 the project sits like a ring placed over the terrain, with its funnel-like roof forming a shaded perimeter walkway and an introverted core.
==
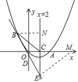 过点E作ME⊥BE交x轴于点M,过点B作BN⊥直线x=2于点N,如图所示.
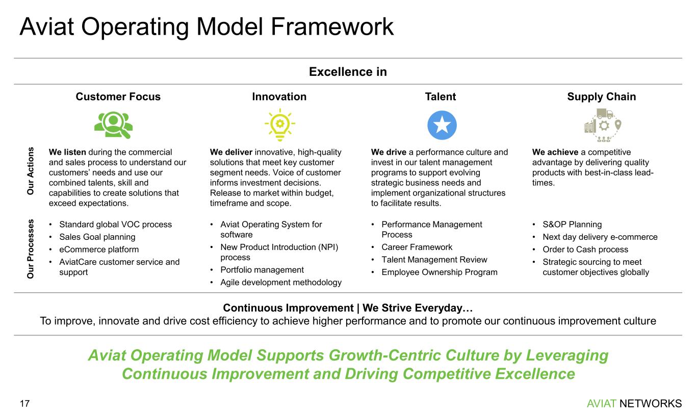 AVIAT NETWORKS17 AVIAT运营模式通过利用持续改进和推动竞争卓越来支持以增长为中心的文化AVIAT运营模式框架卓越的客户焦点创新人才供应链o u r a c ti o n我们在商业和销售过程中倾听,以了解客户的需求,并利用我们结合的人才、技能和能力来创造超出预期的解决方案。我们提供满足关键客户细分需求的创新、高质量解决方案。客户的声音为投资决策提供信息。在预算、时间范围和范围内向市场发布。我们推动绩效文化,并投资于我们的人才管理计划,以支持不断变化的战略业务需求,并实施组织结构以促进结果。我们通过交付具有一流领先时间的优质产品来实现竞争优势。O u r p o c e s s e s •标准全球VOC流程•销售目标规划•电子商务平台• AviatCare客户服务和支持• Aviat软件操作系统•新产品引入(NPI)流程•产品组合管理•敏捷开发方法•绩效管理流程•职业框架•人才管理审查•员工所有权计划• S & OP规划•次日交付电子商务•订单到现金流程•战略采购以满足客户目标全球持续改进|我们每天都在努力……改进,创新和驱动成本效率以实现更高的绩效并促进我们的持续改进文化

TASK DESCRIPTION – Take the material above from the line bearing "过点E作ME⊥BE交x轴于点M,过点B作BN⊥直线x=2于点N,如图所示." through the line bearing "e s •标准全球VOC流程•销售目标规划•电子商务平台•" and write it out exactly, both end lines included. Pictures stay out.

RESULT OF THIS EXERCISE –
 过点E作ME⊥BE交x轴于点M,过点B作BN⊥直线x=2于点N,如图所示.
 AVIAT NETWORKS17 AVIAT运营模式通过利用持续改进和推动竞争卓越来支持以增长为中心的文化AVIAT运营模式框架卓越的客户焦点创新人才供应链o u r a c ti o n我们在商业和销售过程中倾听,以了解客户的需求,并利用我们结合的人才、技能和能力来创造超出预期的解决方案。我们提供满足关键客户细分需求的创新、高质量解决方案。客户的声音为投资决策提供信息。在预算、时间范围和范围内向市场发布。我们推动绩效文化,并投资于我们的人才管理计划,以支持不断变化的战略业务需求,并实施组织结构以促进结果。我们通过交付具有一流领先时间的优质产品来实现竞争优势。O u r p o c e s s e s •标准全球VOC流程•销售目标规划•电子商务平台• AviatCare客户服务和支持• Aviat软件操作系统•新产品引入(NPI)流程•产品组合管理•敏捷开发方法•绩效管理流程•职业框架•人才管理审查•员工所有权计划• S & OP规划•次日交付电子商务•订单到现金流程•战略采购以满足客户目标全球持续改进|我们每天都在努力……改进,创新和驱动成本效率以实现更高的绩效并促进我们的持续改进文化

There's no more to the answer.